2020 年 11 月 20 日

葉傾城淡淡地一笑,答道:「因為……我和一個山中老道有約定。」

「山中老道?意思就是你有師傅了?」

「那倒沒有。不過我與那老頭志趣相投。鄭老這樣古板的師傅,我並不喜歡。不過,他確實玄功深厚,拜他為師確實是個很好的選擇。此事,我再考慮考慮吧。」

葉宗凌點了點頭,說道:「這龍象訣可以給你。而剩下的兩件物品,你只能帶走一件。」

「這是為何?」

這話一問出來,葉宗凌突然暴躁起來,狠狠地踹了他一腳,罵道:「你小子是不是忘了你還有個妹妹呢?都給你了?明年芷顏的成人禮,老子拿什麼給她?」

「哦……」葉傾城差點把這個給忘了,如果記得沒錯,這個妹妹今年應該十七了吧。確實,再有一年,她就成年了。
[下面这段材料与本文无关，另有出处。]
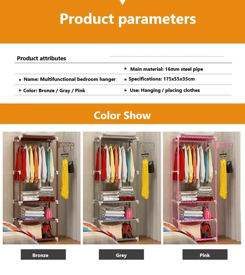 Название: Простая вешалка для пальто Материал: "распылительная пластиковая труба + нетканый материал с покрытием Цвет: розовый в горошек, серый, бронзовый Размеры: 175*55*35 см

葉宗凌在大兒子二女兒相繼出了意外之後,為免剩下的子女遭殃,想盡一切辦法將兒子女兒送進了玄門。葉傾城入了玉虛宮,而葉芷顏,則去了長煙谷。

在葉傾城了解到的記憶里,有大部分都與這個妹妹有關,可見以前的葉傾城雖然痴傻,但與這個妹妹的感情卻是極深。

「說的是。是該給芷顏留一件。」

「剩下這兩樣物品,一件,是一本殘缺的劍訣,沒有名字,沒有品階,甚至,一般人估計很難看懂。這劍訣只有三式。因為無人修鍊過,所以威力如何,沒人知道,但是這本劍訣在蒼靈墓中,由一隻上古凶獸守護,我想,必定不會是什麼凡物。」

「殘卷?一般人看不懂?真有這麼難?」

「我說一般人看不懂,是因為這劍訣只有三張圖,除此之外,一個字都沒有。想學這三式,恐怕得有超凡的悟性。」

「那另一件呢?」

葉宗凌神秘的搓了搓手,說道:「這另一件,就厲害了。你可記得古籍記載里,蒼靈的畫像?」

葉傾城凝神想了想,點頭道:「記得,人面獸身,兩隻手臂粗壯無比,手中分別持著一叉一盾,後背長著森白的骨翅。樣子很嚇人。」

葉宗凌雙眼微微放光,略有些激動,眼眶似有些紅潤,沉默了半晌,說道:「最後這件物品,不是別的,正是蒼靈左手之中握著的玄盾。想當初,為了得到這件玄器,我們一行人與凶獸大戰一場,差點全部喪命,而你二叔,也就是那時候,為我擋了致命一擊,從此玄功盡失,筋脈盡毀。當時偷到這件物品,驚動了凶獸,三十多個兄弟用血肉之軀掩護我二人離開。我和你二叔回來了,那幫兄弟,卻從此留在了墓穴中。長眠於無盡的黑暗中。」

葉傾城輕嘆了一聲,道:「人生中能有這樣一群熱血赤誠的同伴,此生何憾……」 葉宗凌的眼眶泛紅。他的記憶,彷彿又回到了二十年前的那個夜晚。

一群年輕人在大漠里穿行了整整三個月,終於在一個風暴席捲的夜晚,尋到了蒼靈墓的痕迹。

那時候,很多人都不知道,此次盜墓之行,將是他們人生中最後一次尋寶。

葉宗凌還記得那群人里,年紀最小的莫小川,只有十五歲,他是一行人里,唯一一個孩子,但同時也是整個隊伍的嚮導,就是憑藉著他那與生俱來的方向感和靈敏感,整個隊伍才在風沙中找到了蒼靈墓。

蒼靈墓是一個與世隔絕的空間,一行人的臉上帶著興奮,決絕,激動。一起湧入了那光芒入口。而最後,離開的兩人,卻渾身疲憊,面如死灰,眼神中只有絕望之色。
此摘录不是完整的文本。